-- Opening Marker --

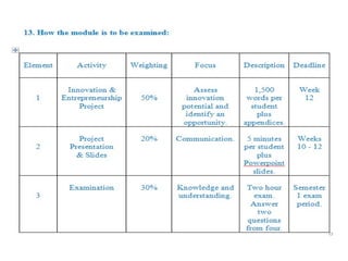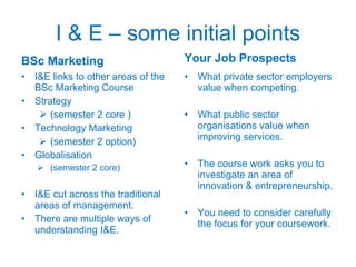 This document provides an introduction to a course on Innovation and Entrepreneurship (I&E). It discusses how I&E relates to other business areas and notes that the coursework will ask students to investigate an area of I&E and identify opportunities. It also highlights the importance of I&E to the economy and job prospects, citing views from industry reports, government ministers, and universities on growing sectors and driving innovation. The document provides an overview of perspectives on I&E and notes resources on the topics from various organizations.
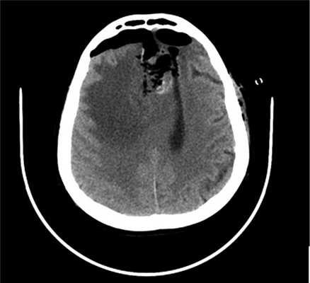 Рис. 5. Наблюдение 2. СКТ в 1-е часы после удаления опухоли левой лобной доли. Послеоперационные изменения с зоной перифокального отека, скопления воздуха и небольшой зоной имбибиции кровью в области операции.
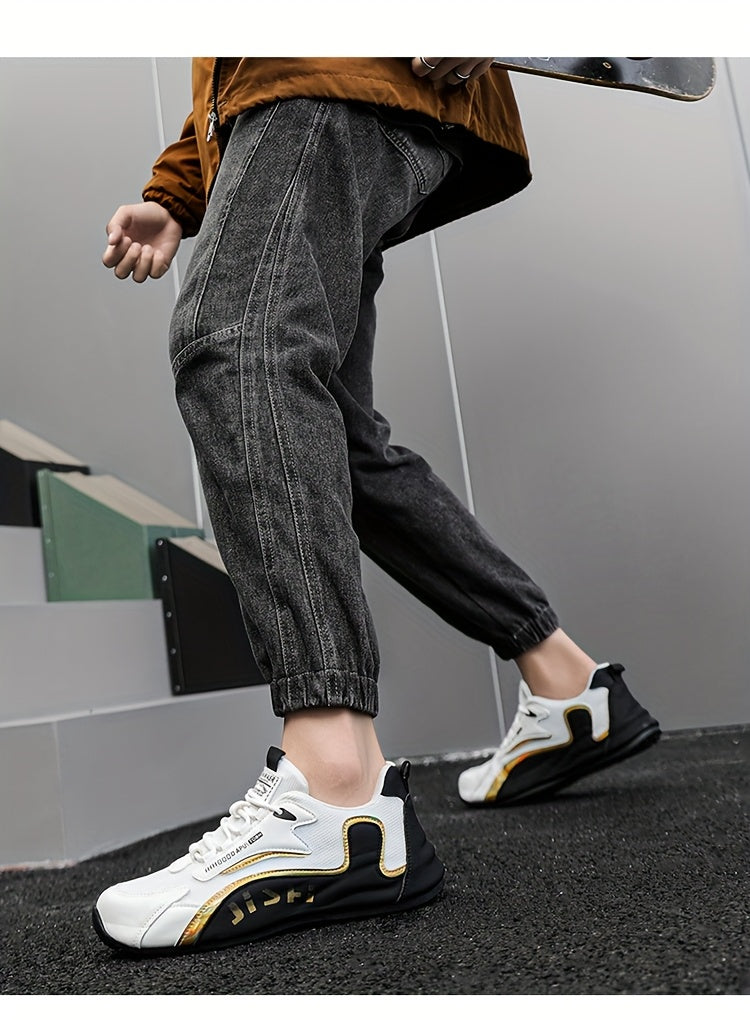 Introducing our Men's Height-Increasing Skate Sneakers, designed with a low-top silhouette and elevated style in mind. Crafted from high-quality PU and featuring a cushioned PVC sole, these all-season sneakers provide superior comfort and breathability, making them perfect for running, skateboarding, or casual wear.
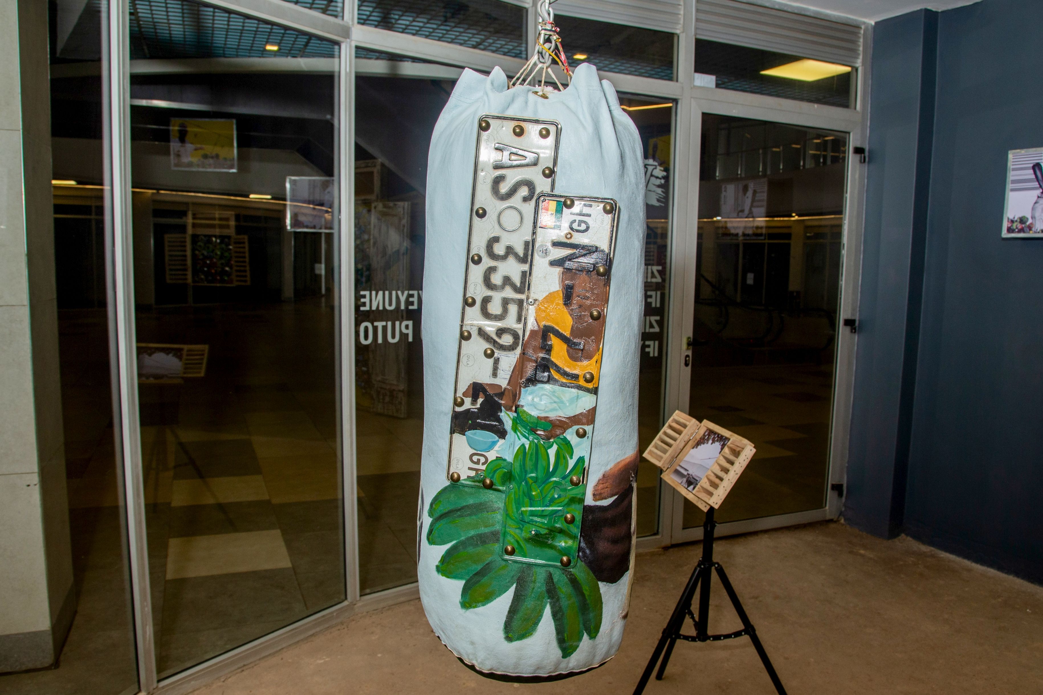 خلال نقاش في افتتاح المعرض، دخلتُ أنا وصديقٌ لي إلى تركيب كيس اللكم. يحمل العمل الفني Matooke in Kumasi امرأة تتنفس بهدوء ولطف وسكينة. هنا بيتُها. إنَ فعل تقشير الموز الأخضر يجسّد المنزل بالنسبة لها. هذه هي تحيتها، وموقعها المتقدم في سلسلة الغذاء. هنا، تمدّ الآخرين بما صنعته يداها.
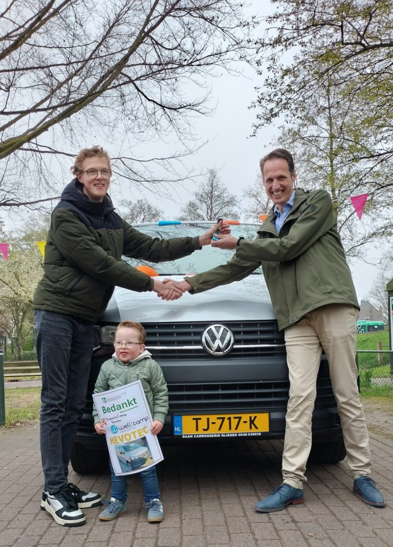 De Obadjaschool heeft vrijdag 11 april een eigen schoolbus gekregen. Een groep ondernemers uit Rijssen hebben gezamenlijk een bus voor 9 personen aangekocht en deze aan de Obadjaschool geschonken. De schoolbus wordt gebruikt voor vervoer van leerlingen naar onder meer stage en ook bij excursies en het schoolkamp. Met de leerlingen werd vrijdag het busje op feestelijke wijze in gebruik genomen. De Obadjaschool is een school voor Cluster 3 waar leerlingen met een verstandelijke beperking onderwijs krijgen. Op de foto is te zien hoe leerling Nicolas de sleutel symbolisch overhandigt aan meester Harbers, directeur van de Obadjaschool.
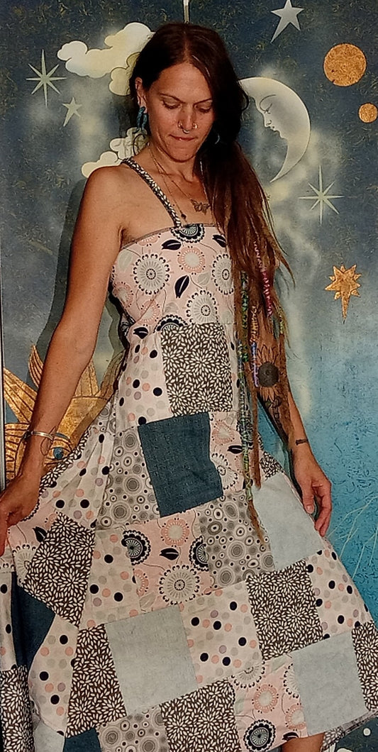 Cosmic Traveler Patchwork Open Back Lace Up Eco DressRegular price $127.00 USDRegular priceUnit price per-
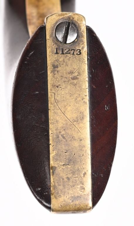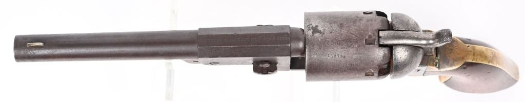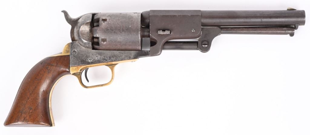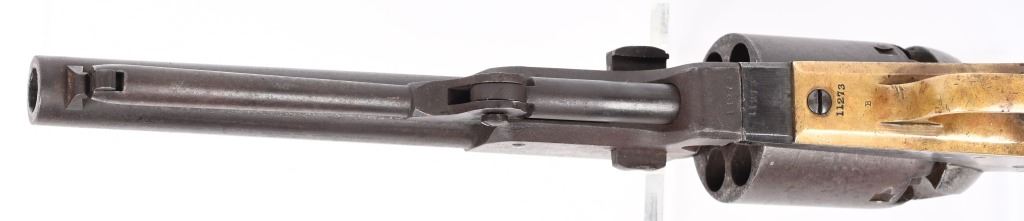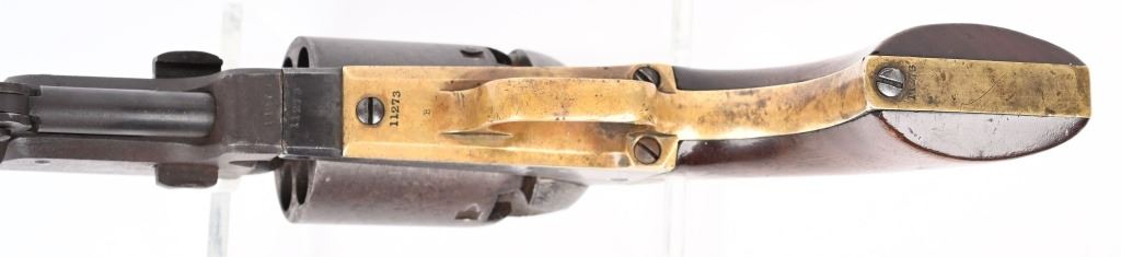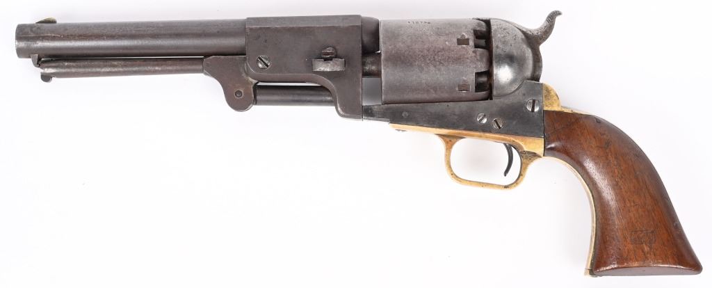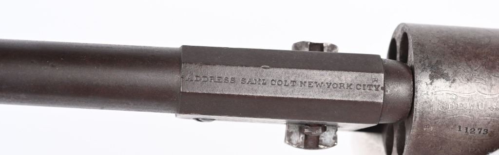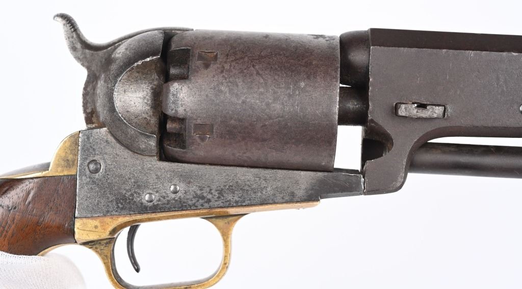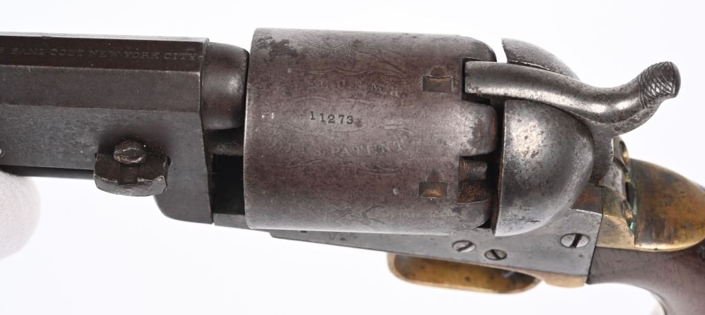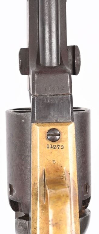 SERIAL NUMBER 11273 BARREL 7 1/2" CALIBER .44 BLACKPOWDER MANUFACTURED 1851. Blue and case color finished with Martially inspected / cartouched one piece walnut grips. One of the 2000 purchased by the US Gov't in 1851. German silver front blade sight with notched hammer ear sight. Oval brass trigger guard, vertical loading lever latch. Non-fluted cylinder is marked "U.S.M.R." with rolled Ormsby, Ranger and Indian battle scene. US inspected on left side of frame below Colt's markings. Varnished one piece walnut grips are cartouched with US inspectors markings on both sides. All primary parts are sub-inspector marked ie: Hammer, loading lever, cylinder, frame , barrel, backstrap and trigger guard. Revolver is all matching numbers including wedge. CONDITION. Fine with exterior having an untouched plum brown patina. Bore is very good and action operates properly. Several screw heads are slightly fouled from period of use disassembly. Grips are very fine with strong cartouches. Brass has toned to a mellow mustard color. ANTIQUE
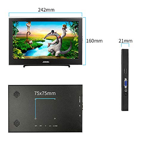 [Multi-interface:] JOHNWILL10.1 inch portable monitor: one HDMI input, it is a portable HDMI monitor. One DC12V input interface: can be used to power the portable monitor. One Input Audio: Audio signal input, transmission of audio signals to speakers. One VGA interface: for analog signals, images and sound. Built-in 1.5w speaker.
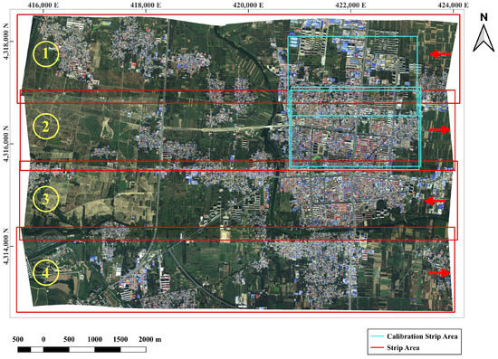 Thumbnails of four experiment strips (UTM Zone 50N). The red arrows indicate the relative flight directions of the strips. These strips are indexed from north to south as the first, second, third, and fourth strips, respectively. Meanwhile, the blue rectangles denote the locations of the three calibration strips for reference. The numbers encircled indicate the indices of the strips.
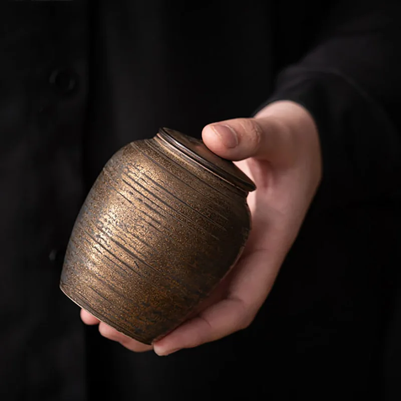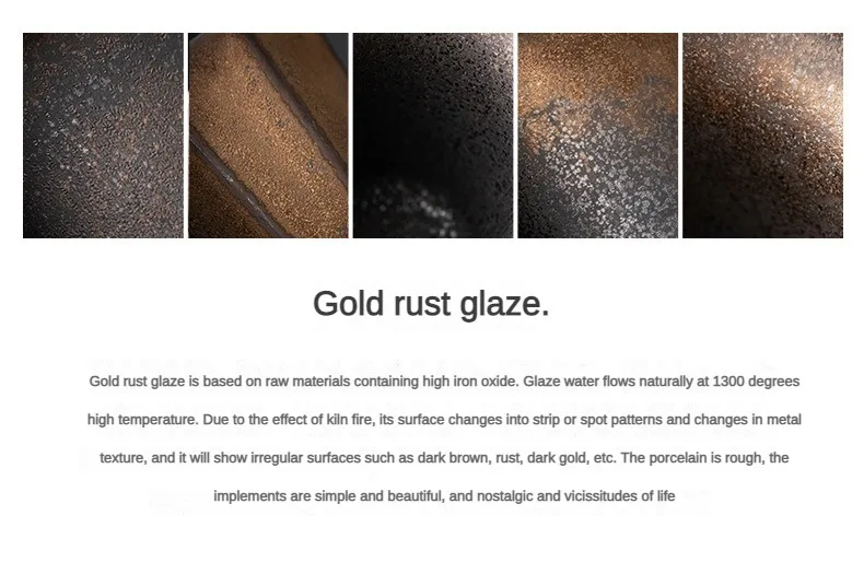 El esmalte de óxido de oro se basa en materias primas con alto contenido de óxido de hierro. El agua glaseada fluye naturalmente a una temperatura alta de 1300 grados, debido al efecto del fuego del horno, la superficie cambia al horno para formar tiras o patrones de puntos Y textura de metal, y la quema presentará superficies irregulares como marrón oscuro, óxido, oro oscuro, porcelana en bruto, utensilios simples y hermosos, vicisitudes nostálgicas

-- Closing Marker --

§ WHAT NEEDS TO BE DONE
Pictures aside, reproduce every record exactly as it stands.

§ WRITTEN ANSWER
 This document provides an introduction to a course on Innovation and Entrepreneurship (I&E). It discusses how I&E relates to other business areas and notes that the coursework will ask students to investigate an area of I&E and identify opportunities. It also highlights the importance of I&E to the economy and job prospects, citing views from industry reports, government ministers, and universities on growing sectors and driving innovation. The document provides an overview of perspectives on I&E and notes resources on the topics from various organizations.
 Рис. 5. Наблюдение 2. СКТ в 1-е часы после удаления опухоли левой лобной доли. Послеоперационные изменения с зоной перифокального отека, скопления воздуха и небольшой зоной имбибиции кровью в области операции.
 Introducing our Men's Height-Increasing Skate Sneakers, designed with a low-top silhouette and elevated style in mind. Crafted from high-quality PU and featuring a cushioned PVC sole, these all-season sneakers provide superior comfort and breathability, making them perfect for running, skateboarding, or casual wear.
 خلال نقاش في افتتاح المعرض، دخلتُ أنا وصديقٌ لي إلى تركيب كيس اللكم. يحمل العمل الفني Matooke in Kumasi امرأة تتنفس بهدوء ولطف وسكينة. هنا بيتُها. إنَ فعل تقشير الموز الأخضر يجسّد المنزل بالنسبة لها. هذه هي تحيتها، وموقعها المتقدم في سلسلة الغذاء. هنا، تمدّ الآخرين بما صنعته يداها.
 De Obadjaschool heeft vrijdag 11 april een eigen schoolbus gekregen. Een groep ondernemers uit Rijssen hebben gezamenlijk een bus voor 9 personen aangekocht en deze aan de Obadjaschool geschonken. De schoolbus wordt gebruikt voor vervoer van leerlingen naar onder meer stage en ook bij excursies en het schoolkamp. Met de leerlingen werd vrijdag het busje op feestelijke wijze in gebruik genomen. De Obadjaschool is een school voor Cluster 3 waar leerlingen met een verstandelijke beperking onderwijs krijgen. Op de foto is te zien hoe leerling Nicolas de sleutel symbolisch overhandigt aan meester Harbers, directeur van de Obadjaschool.
 Cosmic Traveler Patchwork Open Back Lace Up Eco DressRegular price $127.00 USDRegular priceUnit price per-
 SERIAL NUMBER 11273 BARREL 7 1/2" CALIBER .44 BLACKPOWDER MANUFACTURED 1851. Blue and case color finished with Martially inspected / cartouched one piece walnut grips. One of the 2000 purchased by the US Gov't in 1851. German silver front blade sight with notched hammer ear sight. Oval brass trigger guard, vertical loading lever latch. Non-fluted cylinder is marked "U.S.M.R." with rolled Ormsby, Ranger and Indian battle scene. US inspected on left side of frame below Colt's markings. Varnished one piece walnut grips are cartouched with US inspectors markings on both sides. All primary parts are sub-inspector marked ie: Hammer, loading lever, cylinder, frame , barrel, backstrap and trigger guard. Revolver is all matching numbers including wedge. CONDITION. Fine with exterior having an untouched plum brown patina. Bore is very good and action operates properly. Several screw heads are slightly fouled from period of use disassembly. Grips are very fine with strong cartouches. Brass has toned to a mellow mustard color. ANTIQUE
 [Multi-interface:] JOHNWILL10.1 inch portable monitor: one HDMI input, it is a portable HDMI monitor. One DC12V input interface: can be used to power the portable monitor. One Input Audio: Audio signal input, transmission of audio signals to speakers. One VGA interface: for analog signals, images and sound. Built-in 1.5w speaker.
 Thumbnails of four experiment strips (UTM Zone 50N). The red arrows indicate the relative flight directions of the strips. These strips are indexed from north to south as the first, second, third, and fourth strips, respectively. Meanwhile, the blue rectangles denote the locations of the three calibration strips for reference. The numbers encircled indicate the indices of the strips.
 El esmalte de óxido de oro se basa en materias primas con alto contenido de óxido de hierro. El agua glaseada fluye naturalmente a una temperatura alta de 1300 grados, debido al efecto del fuego del horno, la superficie cambia al horno para formar tiras o patrones de puntos Y textura de metal, y la quema presentará superficies irregulares como marrón oscuro, óxido, oro oscuro, porcelana en bruto, utensilios simples y hermosos, vicisitudes nostálgicas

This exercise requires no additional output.